START Input records
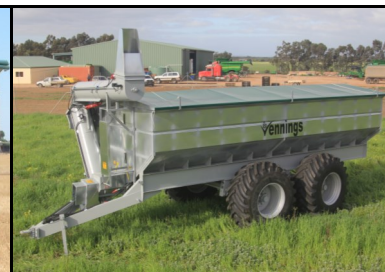
33 M³ Approximately 28 Ton Bin With Springs, Steering & Brakes
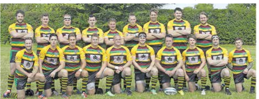
Too hot to handle: the Herts Barbarians side were comfortable winners in the big game

"Raising more than £1,500 from the auction alone was fantastic and I am very proud to have been involved in such a wonderful and worthy event."
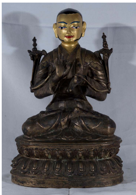
Fig. 9 Sakya master Sönam Tsemo (1142–82), Lamdre lineage set of Tsewang Zangpo Mustang, late 15th century Metal alloy with silver and gold inlays, 28.5 x 19 x 14 cm Namgyal monastery
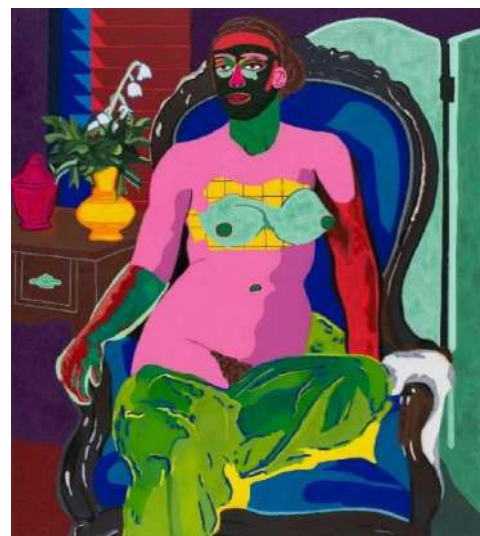
FEMME ASSISE | $9900 AUD Oil, Acrylic, acrylic ink on linen | 140 x 120cm

WHY WE LOVE IT? Dynamic compositions with distinctive 'Matisse' flavour. Large scale work in raw colours with brash storylines matched by crude yet confident lines.
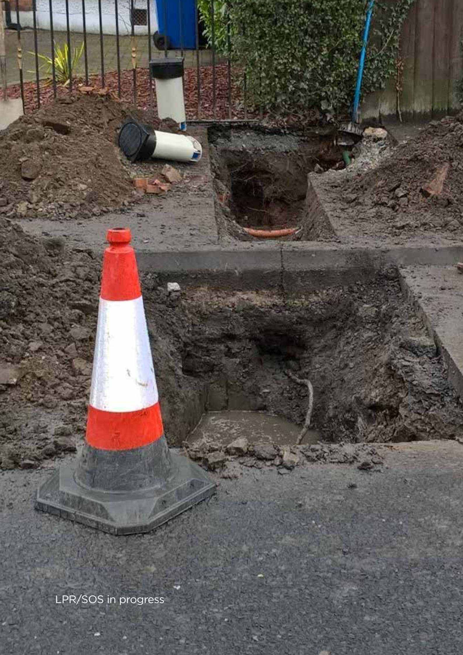
LPR/SOS in progress
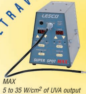
MAX 5 to 35 W/cm 2 of UVA output
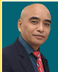
Suan Sawm Sang Publishing Spirit of Prophecy
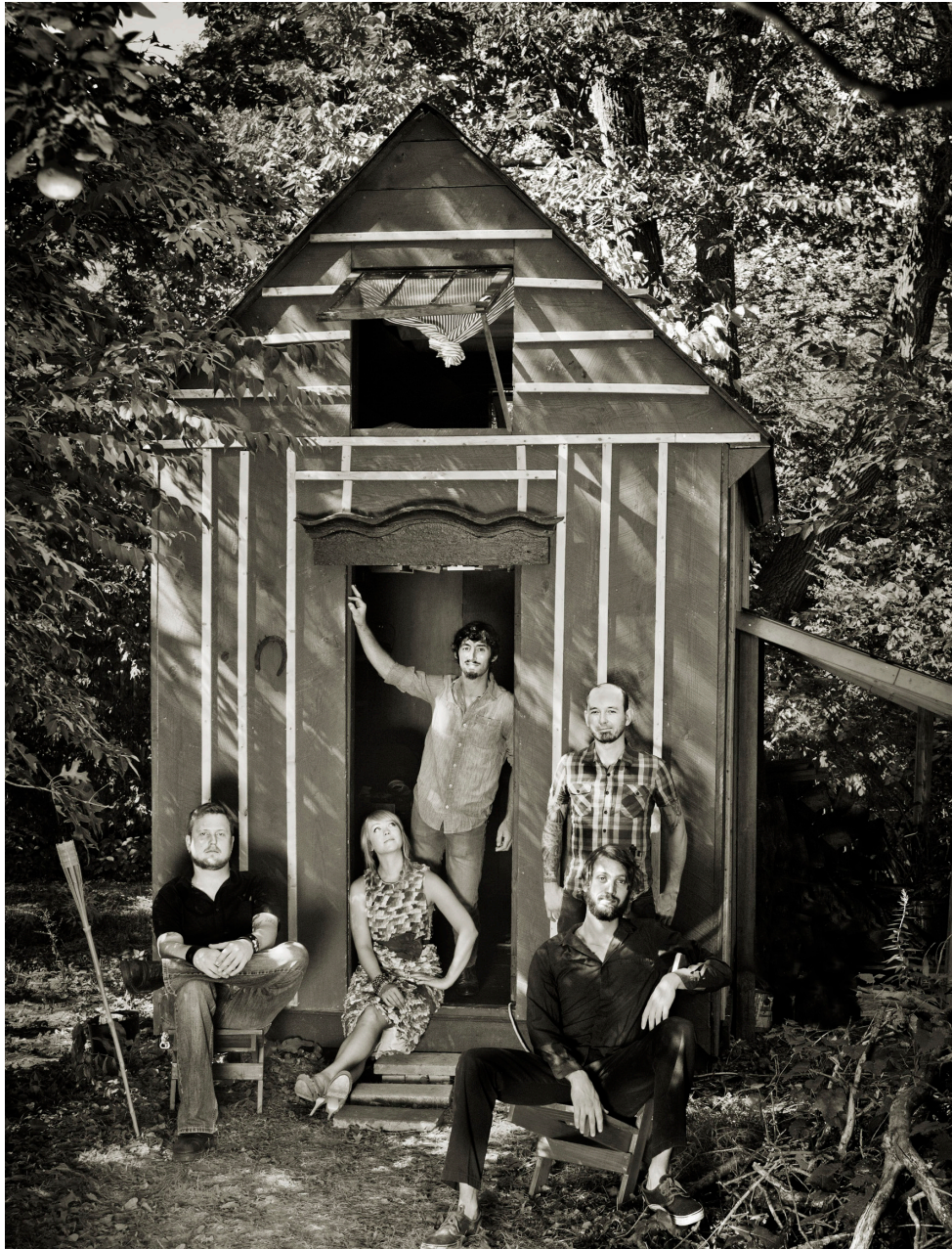
Headline act Murder by Death
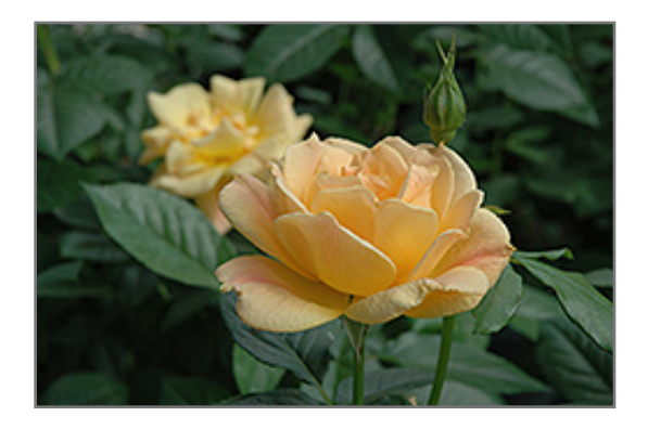
Easy Going Rose flowers
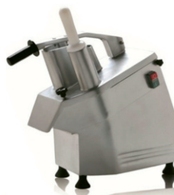
Veg Cutting Machine
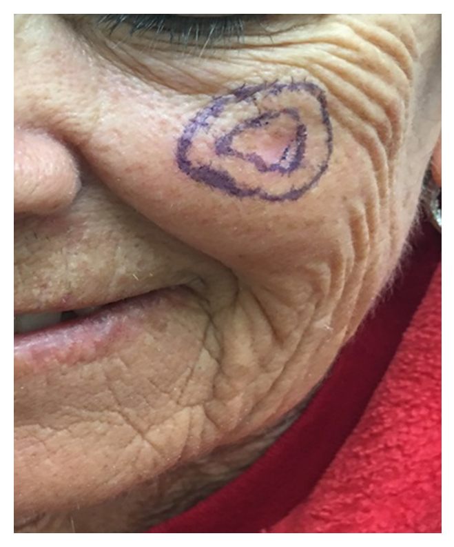
Figure 2 Pre-operative photograph of an MIS of the face outlining the clinical margins examined with a Wood's lamp (inner marking) and Mohs excisional specimen (outer marking).

The first step in MMS for melanoma is to identify and mark the lesion's clinical borders (Figure 2).<sup>3,8</sup> Many advocate for the use of a Wood's lamp to assist in the identification of the tumor's extent, particularly for lentigo maligna (LM) and lentigo maligna melanoma (LMM) as these lesions are notorious for their irregular and often indistinct clinical borders.<sup>3,8,29,41,42</sup> After identifying and marking the precise clinical border of the lesion, the surgeon often then marks the initial margin which may be anywhere from 2 to 10 mm around the clinical border depending on the size of the lesion, anatomic location, and tumor stage. If tissue conservation is imperative due to anatomical or functional considerations (e.g., tip of nose and abutting tear duct), the surgeon may use the clinical borders of the lesion as the peripheral margin for the debulking specimen.<sup>43</sup> However, it is generally recommended that an
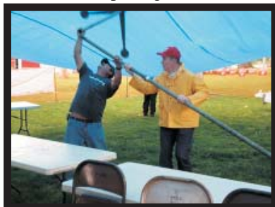
Just put it in the hole and raise the fxxxking thing up!
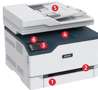
Xerox C235 Color Multifunction Printer
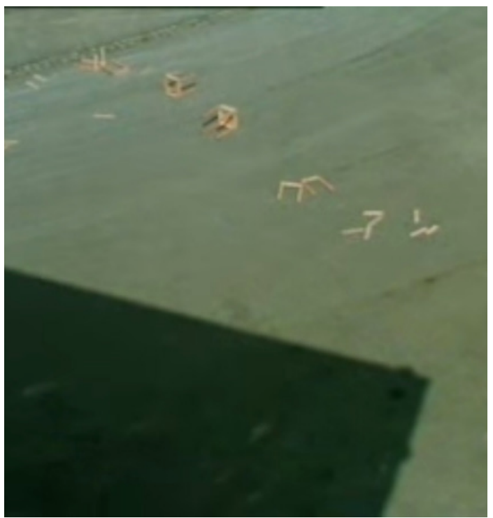
Kurhaus Action (1992)
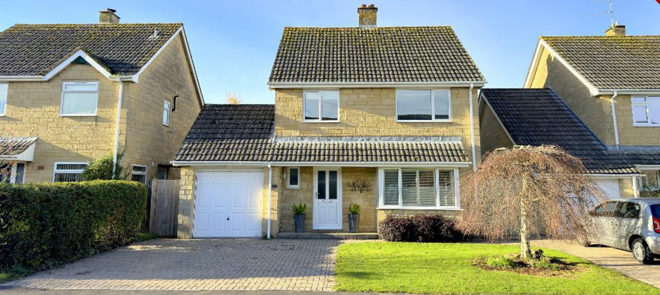
3 BEDROOM DETACHED | FIELDINS, WINSLEY, BA15 | GUIDE PRICE £550,000
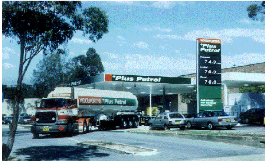
Green Hills NSW

In 1996 Woolworths announced that it would introduce petrol outlets within car parks of their existing Woolworths supermarkets. These outlets would concentrate on essential services including petrol, water, oil and air and offer low-cost petrol to Woolworths customers. The first opening was at Orana Mall Shopping Centre, Dubbo, NSW in December to be followed by others, initially mainly in country areas.
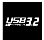
USB 3.2 Gen 2 Type A
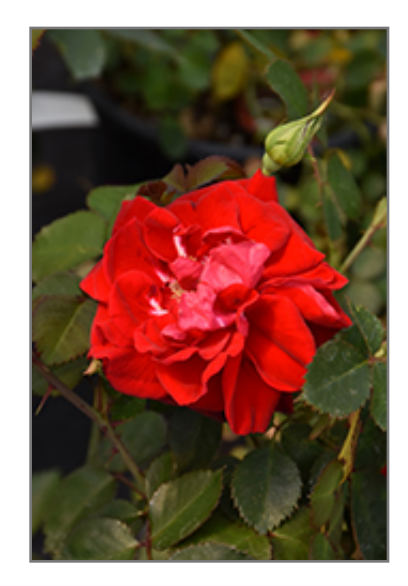
Canadian Shield Rose flowers
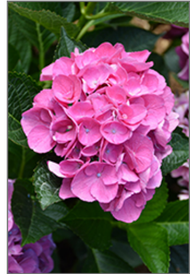
Cityline Vienna Hydrangea flowers
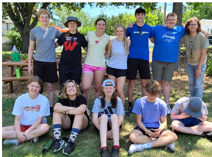
Members of the 2022 Youth Service Trip to St. Louis
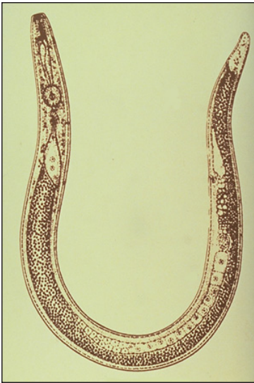
Figure 2. Adult lesion nematode.
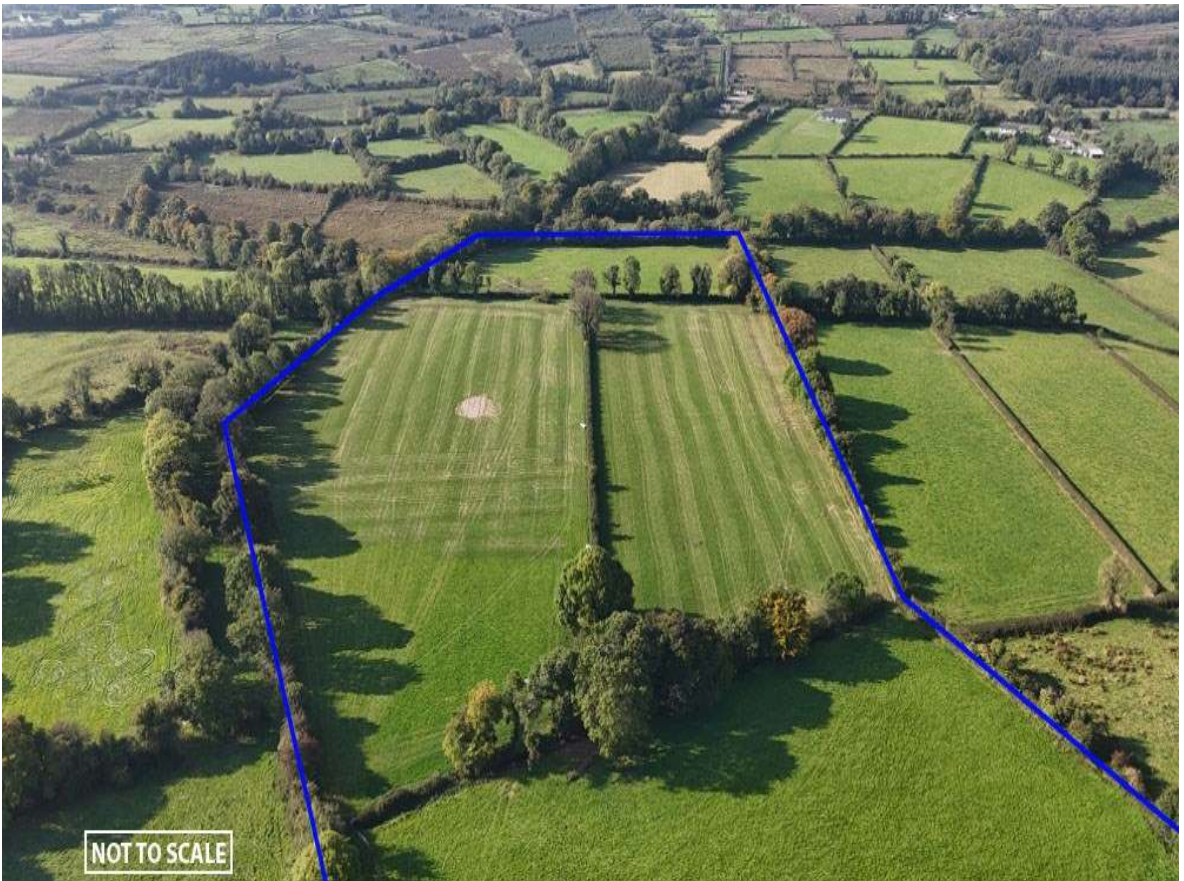
C. 34.80 Acres With Slatted Sheep Shed, Fairymount & Corry, Kilrooskey, County Roscommon
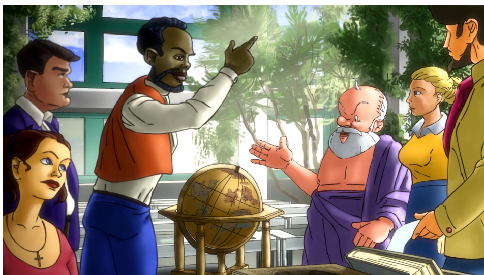
Socrates argues with students in the library of the Munich School of Philosophy (3:12).
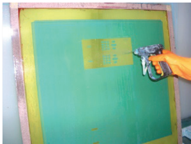
Step 1. After removal of ink, block-out, and tape, apply Eco-Strip®C to a wet screen (both sides).

Eco-Strip®C can be applied by a sponge, pad, spray bottle, dip tank, or pneumatic pump systems.
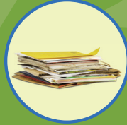
Dry Paper, Newspaper, and Junk Mail
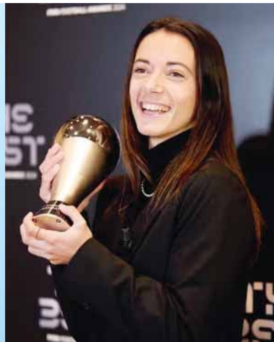
making it back-to-back prizes at FIFA's version of the older and more prestigious Ballon d'Or prize. The 26-year-old Spain midfielder has won the Ballon d'Or for two

straight years, and won the Spanish league, Spanish cup and Champions League with Barcelona in 2024. "I am grateful to receive this award. As I always say, this is a team effort," Bonmati said. "It was a great year, very difficult to repeat. I am grateful to the people who help me to be better every day, from the club, to my teammates, who always help me to be better." FIFA said the award winners were decided by an "equally weighted voting system" by fans, the current captains and coaches of all national teams, and media representatives. There was an 11-player shortlist for both awards, with the contenders selected based on their performances from Aug. 21, 2023, to Aug. 10, 2024. Vinicius had the best season of his career, scoring 24 goals in 39 appearances for Madrid and helping the Spanish team to a record-extending 15th European Cup — and his second Champions League trophy.
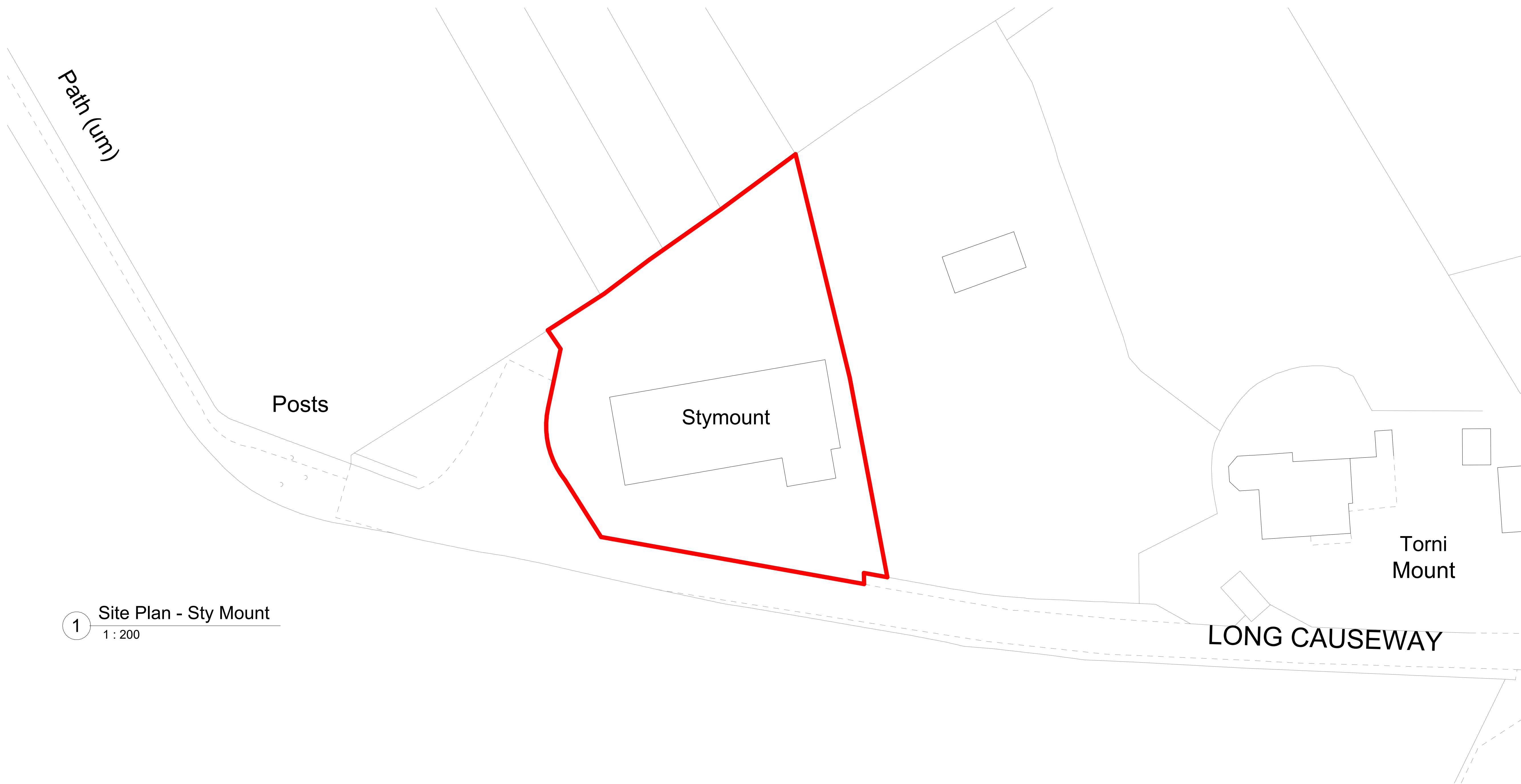
1 Site Plan - Sty Mount 1 : 200
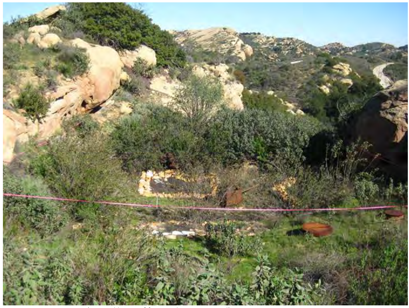
ELV-1D excavation area (general limits of former detention pond).
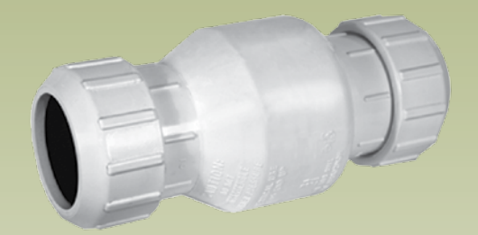
CVSE1, CV-SE2 and CV-SE3
END Input records
* [Assignment] Set the preceding data down again word for word, omitting images.

* [Exercise response]
33 M³ Approximately 28 Ton Bin With Springs, Steering & Brakes
Too hot to handle: the Herts Barbarians side were comfortable winners in the big game

"Raising more than £1,500 from the auction alone was fantastic and I am very proud to have been involved in such a wonderful and worthy event."
Fig. 9 Sakya master Sönam Tsemo (1142–82), Lamdre lineage set of Tsewang Zangpo Mustang, late 15th century Metal alloy with silver and gold inlays, 28.5 x 19 x 14 cm Namgyal monastery
FEMME ASSISE | $9900 AUD Oil, Acrylic, acrylic ink on linen | 140 x 120cm

WHY WE LOVE IT? Dynamic compositions with distinctive 'Matisse' flavour. Large scale work in raw colours with brash storylines matched by crude yet confident lines.
LPR/SOS in progress
MAX 5 to 35 W/cm 2 of UVA output
Suan Sawm Sang Publishing Spirit of Prophecy
Headline act Murder by Death
Easy Going Rose flowers
Veg Cutting Machine
Figure 2 Pre-operative photograph of an MIS of the face outlining the clinical margins examined with a Wood's lamp (inner marking) and Mohs excisional specimen (outer marking).

The first step in MMS for melanoma is to identify and mark the lesion's clinical borders (Figure 2).<sup>3,8</sup> Many advocate for the use of a Wood's lamp to assist in the identification of the tumor's extent, particularly for lentigo maligna (LM) and lentigo maligna melanoma (LMM) as these lesions are notorious for their irregular and often indistinct clinical borders.<sup>3,8,29,41,42</sup> After identifying and marking the precise clinical border of the lesion, the surgeon often then marks the initial margin which may be anywhere from 2 to 10 mm around the clinical border depending on the size of the lesion, anatomic location, and tumor stage. If tissue conservation is imperative due to anatomical or functional considerations (e.g., tip of nose and abutting tear duct), the surgeon may use the clinical borders of the lesion as the peripheral margin for the debulking specimen.<sup>43</sup> However, it is generally recommended that an
Just put it in the hole and raise the fxxxking thing up!
Xerox C235 Color Multifunction Printer
Kurhaus Action (1992)
3 BEDROOM DETACHED | FIELDINS, WINSLEY, BA15 | GUIDE PRICE £550,000
Green Hills NSW

In 1996 Woolworths announced that it would introduce petrol outlets within car parks of their existing Woolworths supermarkets. These outlets would concentrate on essential services including petrol, water, oil and air and offer low-cost petrol to Woolworths customers. The first opening was at Orana Mall Shopping Centre, Dubbo, NSW in December to be followed by others, initially mainly in country areas.
USB 3.2 Gen 2 Type A
Canadian Shield Rose flowers
Cityline Vienna Hydrangea flowers
Members of the 2022 Youth Service Trip to St. Louis
Figure 2. Adult lesion nematode.
C. 34.80 Acres With Slatted Sheep Shed, Fairymount & Corry, Kilrooskey, County Roscommon
Socrates argues with students in the library of the Munich School of Philosophy (3:12).
Step 1. After removal of ink, block-out, and tape, apply Eco-Strip®C to a wet screen (both sides).

Eco-Strip®C can be applied by a sponge, pad, spray bottle, dip tank, or pneumatic pump systems.
Dry Paper, Newspaper, and Junk Mail
making it back-to-back prizes at FIFA's version of the older and more prestigious Ballon d'Or prize. The 26-year-old Spain midfielder has won the Ballon d'Or for two

straight years, and won the Spanish league, Spanish cup and Champions League with Barcelona in 2024. "I am grateful to receive this award. As I always say, this is a team effort," Bonmati said. "It was a great year, very difficult to repeat. I am grateful to the people who help me to be better every day, from the club, to my teammates, who always help me to be better." FIFA said the award winners were decided by an "equally weighted voting system" by fans, the current captains and coaches of all national teams, and media representatives. There was an 11-player shortlist for both awards, with the contenders selected based on their performances from Aug. 21, 2023, to Aug. 10, 2024. Vinicius had the best season of his career, scoring 24 goals in 39 appearances for Madrid and helping the Spanish team to a record-extending 15th European Cup — and his second Champions League trophy.
1 Site Plan - Sty Mount 1 : 200
ELV-1D excavation area (general limits of former detention pond).
CVSE1, CV-SE2 and CV-SE3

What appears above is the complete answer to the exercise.